Ignoring every picture, transcribe the data in full as it stands.
Task input below:
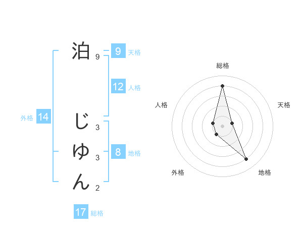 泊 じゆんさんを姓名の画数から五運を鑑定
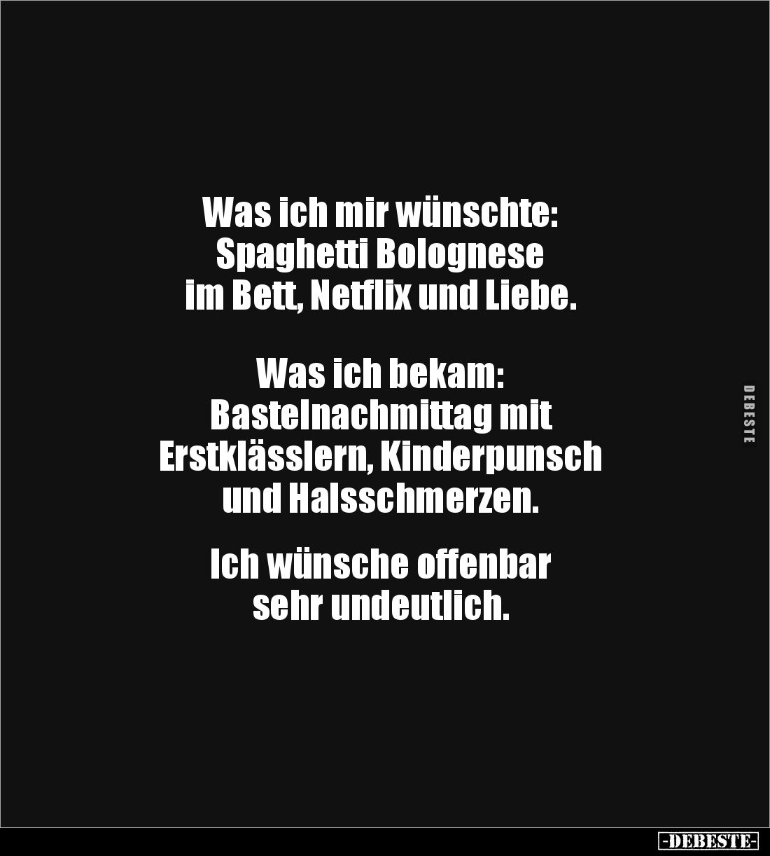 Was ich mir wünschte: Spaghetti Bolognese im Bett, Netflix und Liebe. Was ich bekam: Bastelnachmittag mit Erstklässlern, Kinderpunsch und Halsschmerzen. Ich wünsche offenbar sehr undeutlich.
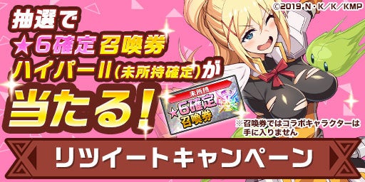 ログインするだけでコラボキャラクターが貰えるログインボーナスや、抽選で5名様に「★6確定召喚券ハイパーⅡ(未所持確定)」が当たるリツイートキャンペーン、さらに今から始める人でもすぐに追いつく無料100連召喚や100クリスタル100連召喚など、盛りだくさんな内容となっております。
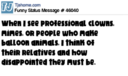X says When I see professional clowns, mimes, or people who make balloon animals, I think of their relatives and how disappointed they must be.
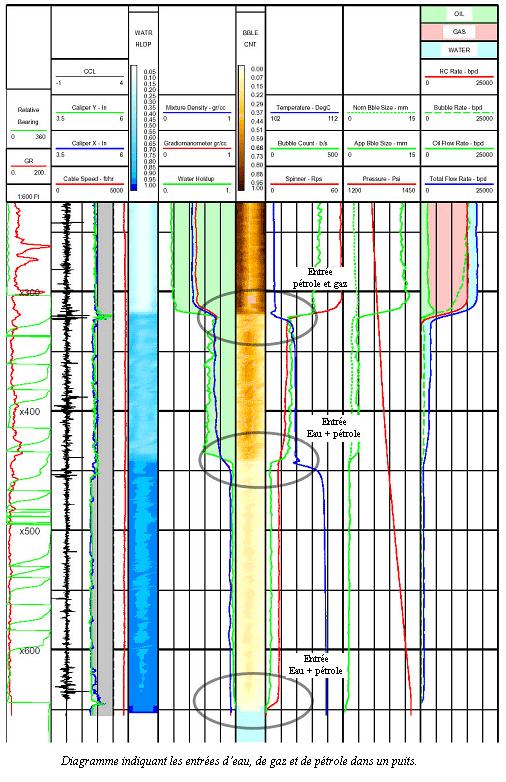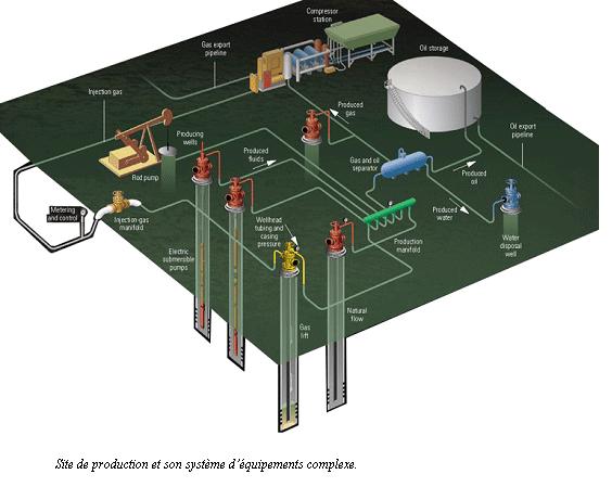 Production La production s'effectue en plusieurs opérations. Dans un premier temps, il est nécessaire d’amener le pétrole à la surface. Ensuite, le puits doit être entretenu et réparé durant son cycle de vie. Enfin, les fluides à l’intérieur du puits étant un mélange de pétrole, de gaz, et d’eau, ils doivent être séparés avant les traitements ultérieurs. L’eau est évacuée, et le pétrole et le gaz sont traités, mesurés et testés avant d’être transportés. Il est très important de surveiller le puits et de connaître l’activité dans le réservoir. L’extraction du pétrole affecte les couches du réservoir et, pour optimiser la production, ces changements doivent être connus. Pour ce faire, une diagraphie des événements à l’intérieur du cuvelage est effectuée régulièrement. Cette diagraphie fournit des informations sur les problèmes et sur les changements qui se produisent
End of Task input.
> Completed task:
 泊 じゆんさんを姓名の画数から五運を鑑定
 Was ich mir wünschte: Spaghetti Bolognese im Bett, Netflix und Liebe. Was ich bekam: Bastelnachmittag mit Erstklässlern, Kinderpunsch und Halsschmerzen. Ich wünsche offenbar sehr undeutlich.
 ログインするだけでコラボキャラクターが貰えるログインボーナスや、抽選で5名様に「★6確定召喚券ハイパーⅡ(未所持確定)」が当たるリツイートキャンペーン、さらに今から始める人でもすぐに追いつく無料100連召喚や100クリスタル100連召喚など、盛りだくさんな内容となっております。
X says When I see professional clowns, mimes, or people who make balloon animals, I think of their relatives and how disappointed they must be.
 Production La production s'effectue en plusieurs opérations. Dans un premier temps, il est nécessaire d’amener le pétrole à la surface. Ensuite, le puits doit être entretenu et réparé durant son cycle de vie. Enfin, les fluides à l’intérieur du puits étant un mélange de pétrole, de gaz, et d’eau, ils doivent être séparés avant les traitements ultérieurs. L’eau est évacuée, et le pétrole et le gaz sont traités, mesurés et testés avant d’être transportés. Il est très important de surveiller le puits et de connaître l’activité dans le réservoir. L’extraction du pétrole affecte les couches du réservoir et, pour optimiser la production, ces changements doivent être connus. Pour ce faire, une diagraphie des événements à l’intérieur du cuvelage est effectuée régulièrement. Cette diagraphie fournit des informations sur les problèmes et sur les changements qui se produisent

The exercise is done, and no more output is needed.